Multi-threading is an important configuration parameter for the Storage Manager. It can be used to dramatically speed up EOI, EOD and schema conversion operations by doing the following:

attempts to use full IO disk bandwidth by writing multiple columns of a table simultaneously.
uses multiple cores for CPU intensive operations like compression and encryption.
allows reading multiple tables' intraday partitions during EOD processing.
allows some database conversion operations to be run in parallel.

Configuration

The Storage Manager container uses the Kubernetes CPU Limit or Request to globally set the -s for each process started within it. More fine-grained control is available for EOI and EOD processes through the KXI_SM_EOI_THREADS and KXI_SM_EOD_THREADS respectively.
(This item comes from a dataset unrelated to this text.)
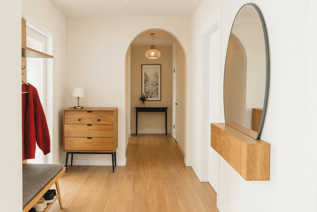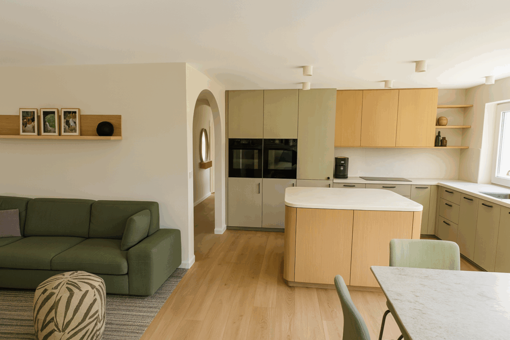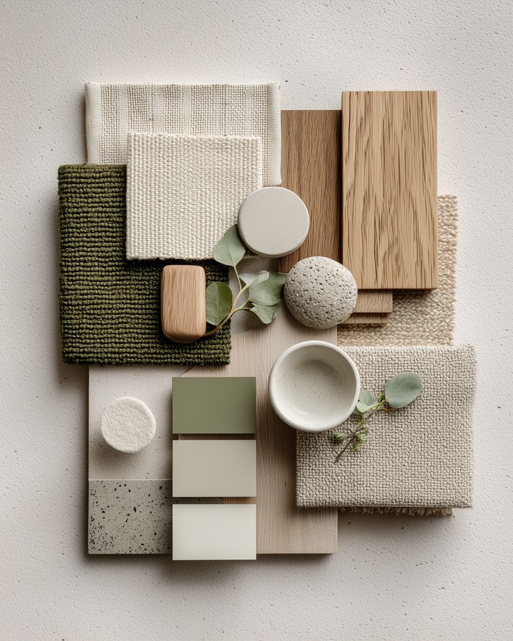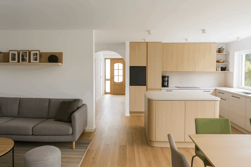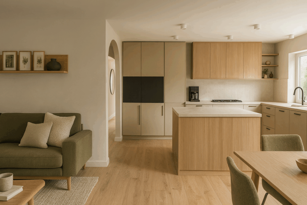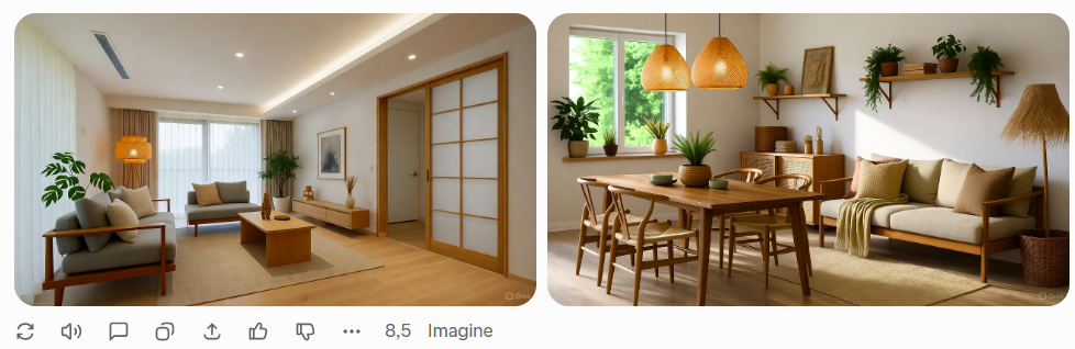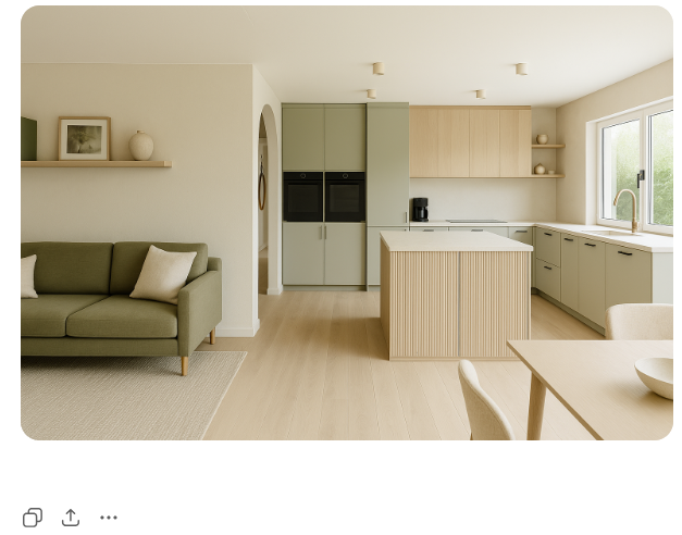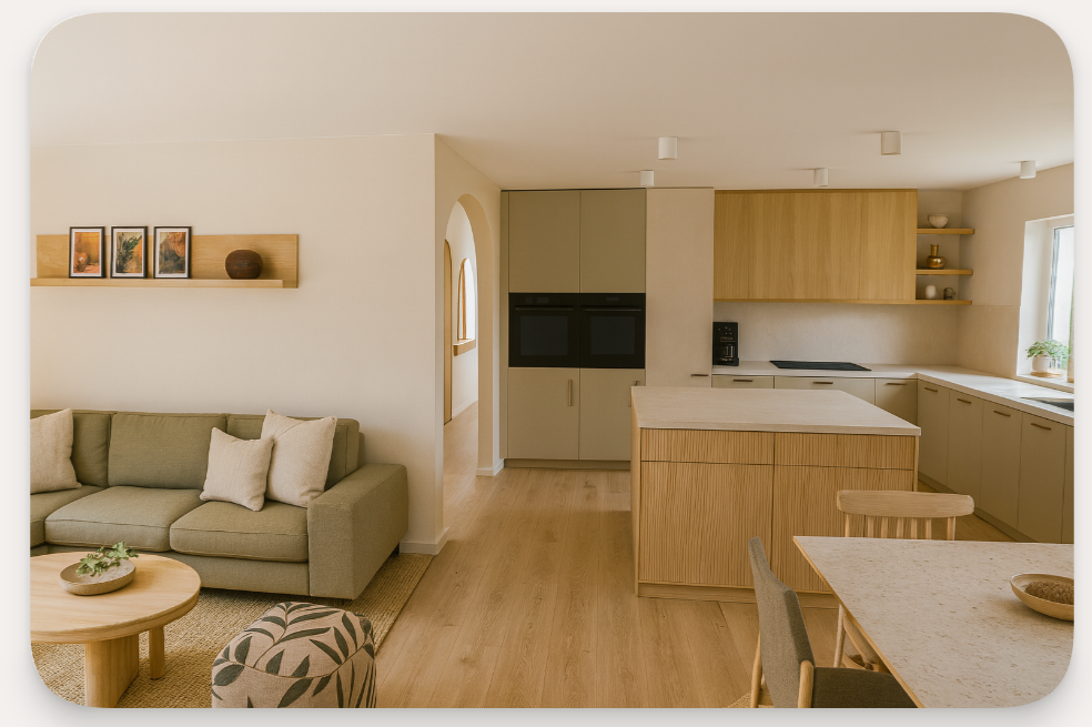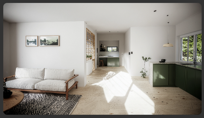 Erstelle ein möglichst realistisches Bild auf Basis des Renderbilds. Abstände, Perspektiven, Farben, Türen und Fenstergrößen bleiben exakt gleich. Ersetze Möbel und Deko mit realistischen Stücken im Japandi-Stil. Angehängt ist auch ein Moodboard. Verwende passende Farben und Materialien. Gib das Bild im 16:9 Format aus.

If a Kubernetes CPU limit is set on the Storage Manager container, that is used as -s for each process in the container.
If KXI_SM_EOD_THREADS and/or KXI_SM_EOI_THREADS environment variables are configured, it overrides the value for -s (note: this can be higher than the container's CPU limit).
If none of the above are configured, the Kubernetes CPU request is used for -s.
If a Kubernetes CPU request and the environment variables are configured, the environment variables override the Kubernetes request for that specific process.

As an example, set a Kubernetes CPU limit of 4, Kubernetes CPU request of 2, KXI_SM_EOD_THREADS=6 , KXI_SM_EOI_THREADS=5. The processes within the SM container are started with these args:

/opt/kx/l64/q src/sm/mainSingle.q -s 5 -app eoi
/opt/kx/l64/q src/sm/mainSingle.q -s 6 -app eod
/opt/kx/l64/q src/sm/mainSingle.q -s 4 -app dbm